Wij hebben een hefboom nodig om de Israëli te laten voelen dat het genoeg is,
dat te veel te veel is. Voor mijn groep betekent dat dat het associatieakkoord
met Israël moet worden opgeschort tot Israël ook het internationaal recht
naleeft.
Het gevolg van ons
beleid van equidistance is, wat Ludo Abicht zo mooi omschrijft, een alsmaar
groter wordend Israël met een alsmaar kleinere plaats voor Palestijnen in die
regio. Dat is het gevolg van ons equidistancebeleid. Ik denk dat het tijd wordt
dat wij daarvan afstappen en dat Israël net als alle andere staten de plicht
heeft om het internationaal recht te respecteren.
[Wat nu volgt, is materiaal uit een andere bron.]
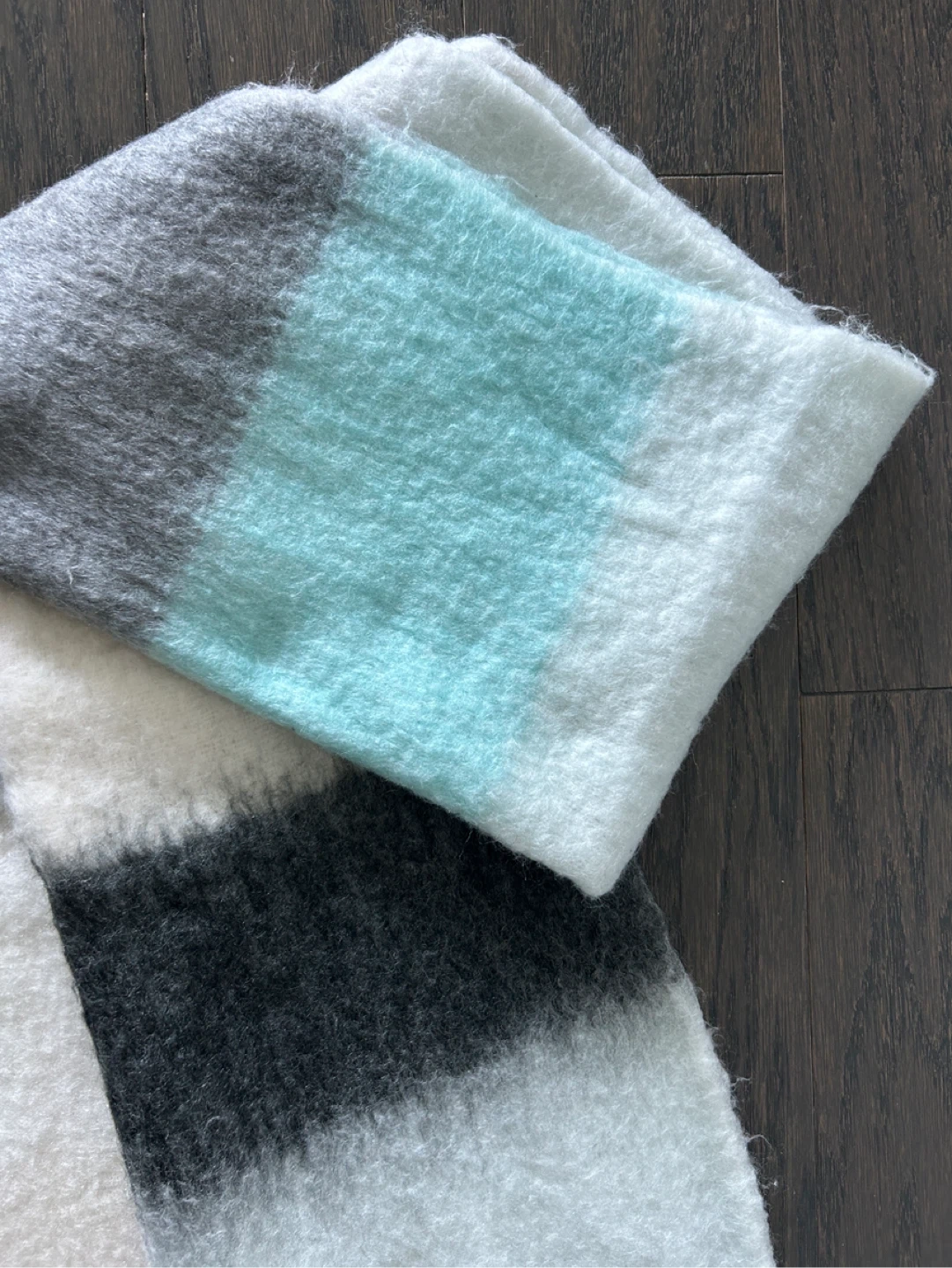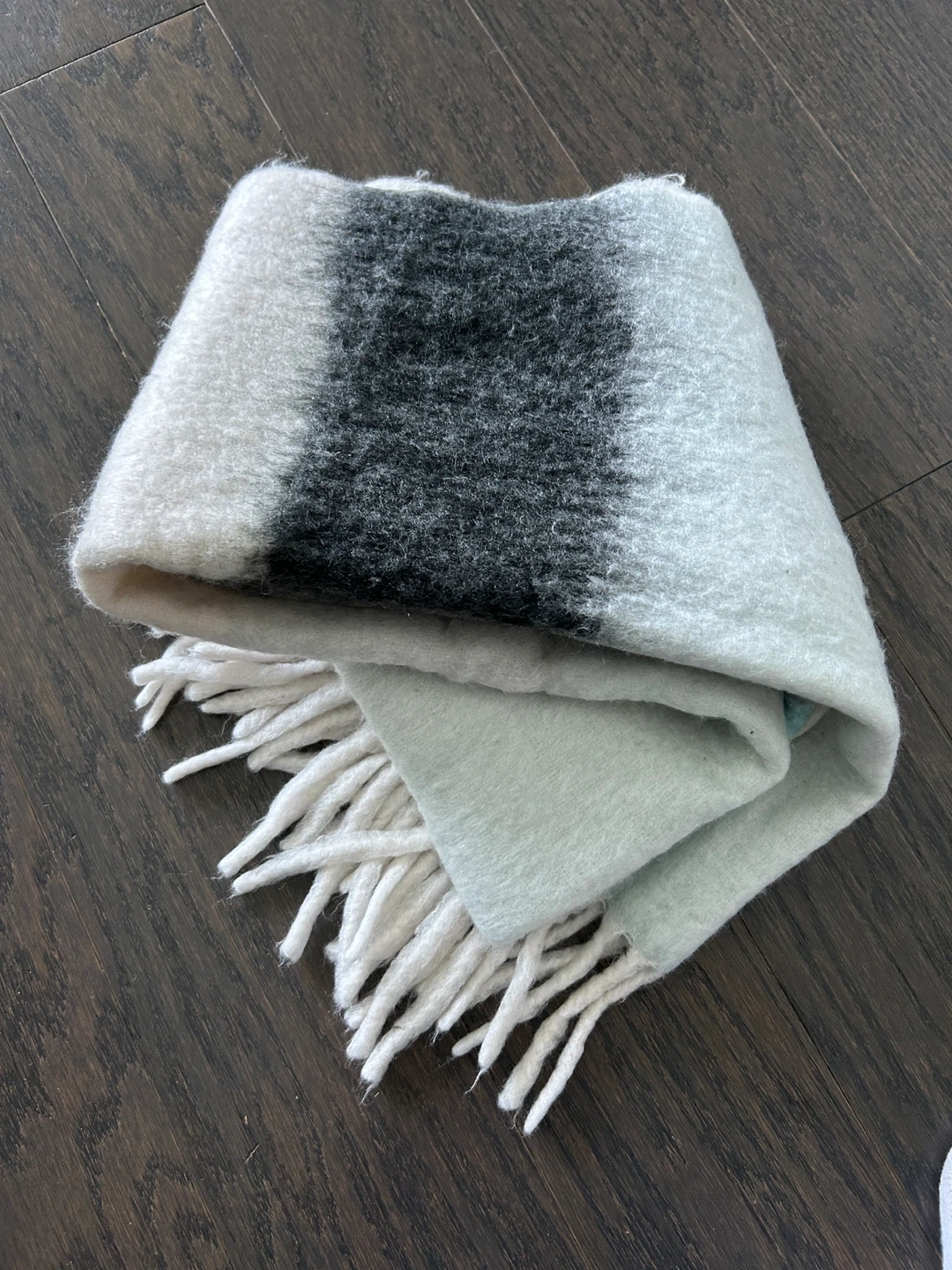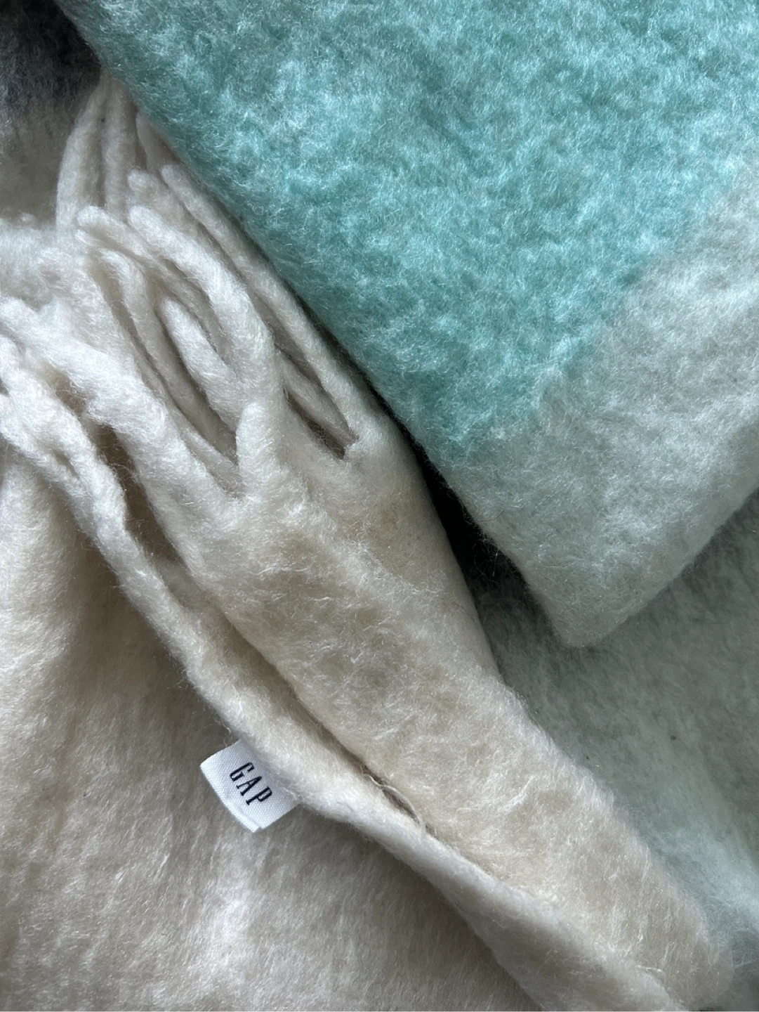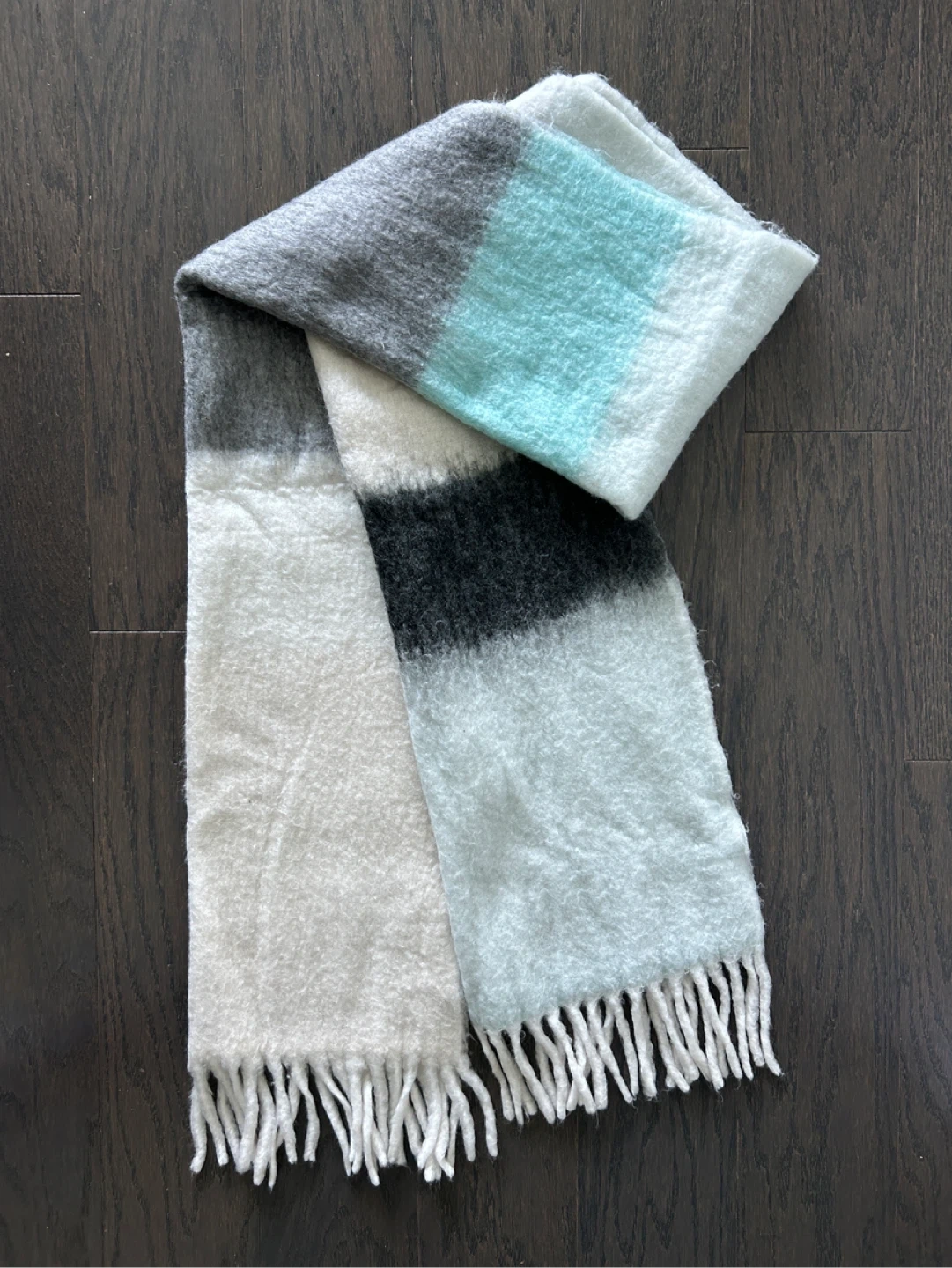 Cozy and stylish oversized GAP scarf for sale! This scarf features a lovely striped pattern in grey, white, and teal. It's perfect for adding a touch of warmth and style to any outfit during the colder months. The material is soft and comfortable, making it a great accessory for everyday wear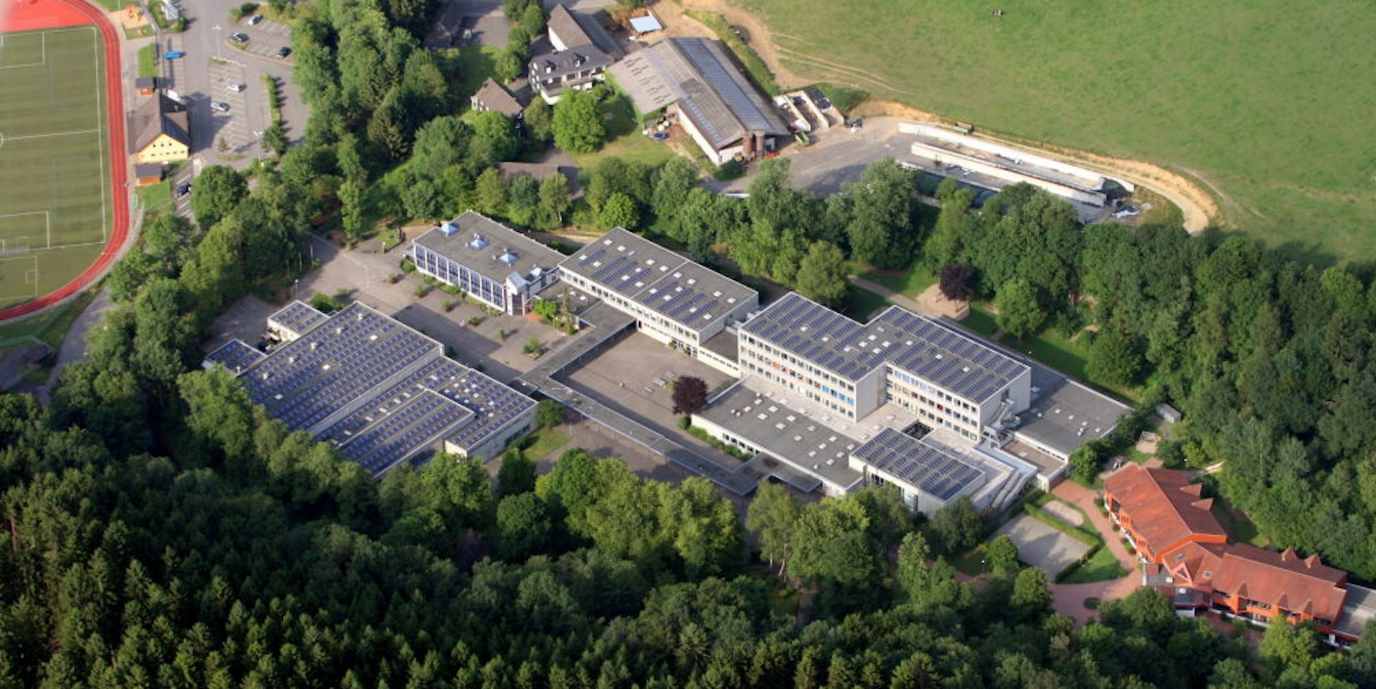 Die Gesamtschule mit Sülztalhalle (links vorne) heute.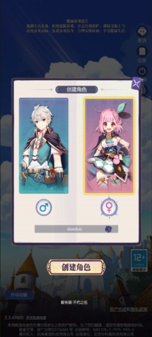 3、进入游戏后,我们选择一个角色,取个昵称。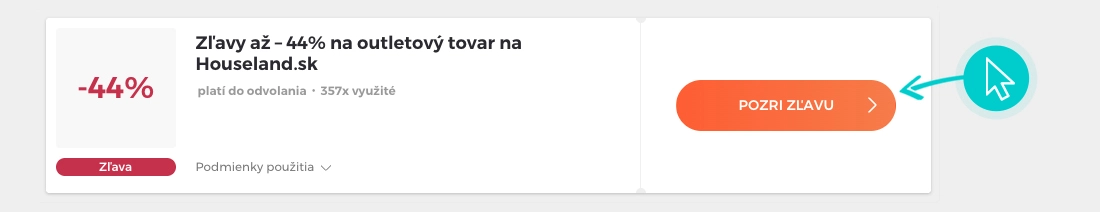 Vyberte si na našej stránke konkrétnu Houseland zľavu a kliknite na tlačidlo „Pozri zľavu“. Automaticky budete presmerovaný priamo na akciovú ponuku v internetovom obchode Houseland.sk, kde môžete produkt nakúpiť so zľavou.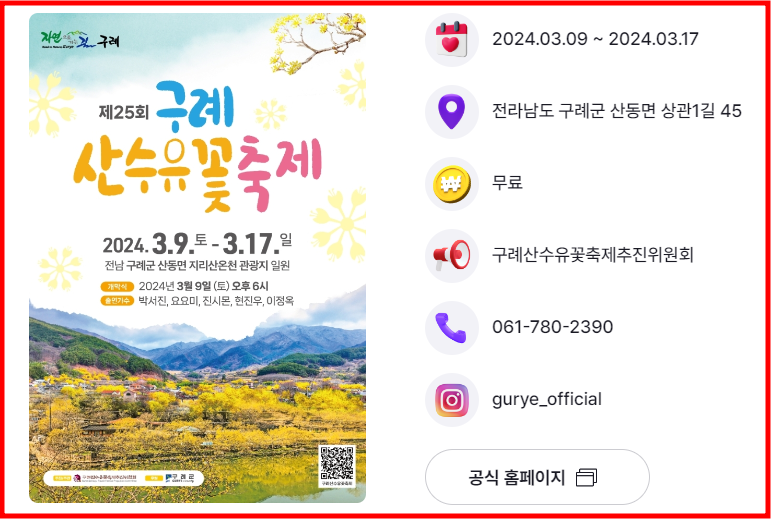 다음에서는 구례 산수유 꽃축제 정보 및 일정과 구례 5대 축제와 봄 추천 여행지를 자세히 소개합니다.

Voorzitter Hilde Vautmans: Dank u mijnheer Van der Maelen, u hebt exact het driedubbele van uw tijd gesproken.
01.13 Nathalie Muylle (CD&V): Mijnheer de minister, mijn vraag ging vooral over de Belgische houding. U hebt die ook verduidelijkt. Wij zijn dan ook verheugd over de maatregelen die gisteren zijn genomen door de kern. Mijn partij is altijd voorstander geweest van een zowel politiek als economisch onafhankelijke, leefbare Palestijnse staat met daarnaast een regionaal erkende en veilige staat Israël. Wij zijn ook altijd van mening geweest dat dit er moet komen op basis van een politiek akkoord waarover in de eerste plaats door de Palestijnen en de Israëli’s zelf moet worden onderhandeld. Ik besef zeer goed dat we daar vandaag zeer ver af staan.
Ik wil hier vandaag geen beladen discours gaan voeren over wie voor honderd procent schuld treft, ook niet over wie de meeste schuld treft. Ik wil ook niet ingaan op de vraag wie verantwoordelijk was voor de actie na de gebeurtenissen van de voorbije veertien dagen en of de reactie wel verantwoord was tegenover de actie. Ik wil dat discours hier niet gaan voeren. Betekent dit dat wij daar als partij ongevoelig voor zijn? Neen, heel wat zaken zijn te veroordelen maar er is ook heel wat begrip.
Het is hier nog weinig aan bod gekomen maar men heeft toch eenzijdig een bestand opgeheven in december. Verder is men gestart met raketaanvallen op het zuiden van Israël. Zoals collega Baeselen heel terecht heeft gezegd gaat men ook de Palestijnse burgerbevolking gebruiken als militair schild in het conflict. Dat mag ook duidelijk worden gezegd. Ik ben echter ook ter plaatse geweest en ik begrijp heel goed dat er heel wat begrip kan zijn voor de jarenlange, uitzichtloze situatie die heel wat Palestijnen vandaag kennen en die hun tot deze acties kan drijven. Aan de andere kant heb ik ook heel veel begrip voor de nood aan veiligheid die Israël vandaag kent.
Natuurlijk zijn we ook niet ongevoelig voor de honderden burgerslachtoffers, vooral kinderen, en de humanitaire crisis op het terrein. Men moet eerlijk zijn met zichzelf. Ik heb in de kranten de laatste tijd heel wat gelezen, ook opiniestukken, die voor mij bedenkelijk waren. Mensen die op het terrein geweest zijn weten zeer goed dat het conflict veel complexer is dan wat verschillende collega’s hier vandaag naar voren brengen.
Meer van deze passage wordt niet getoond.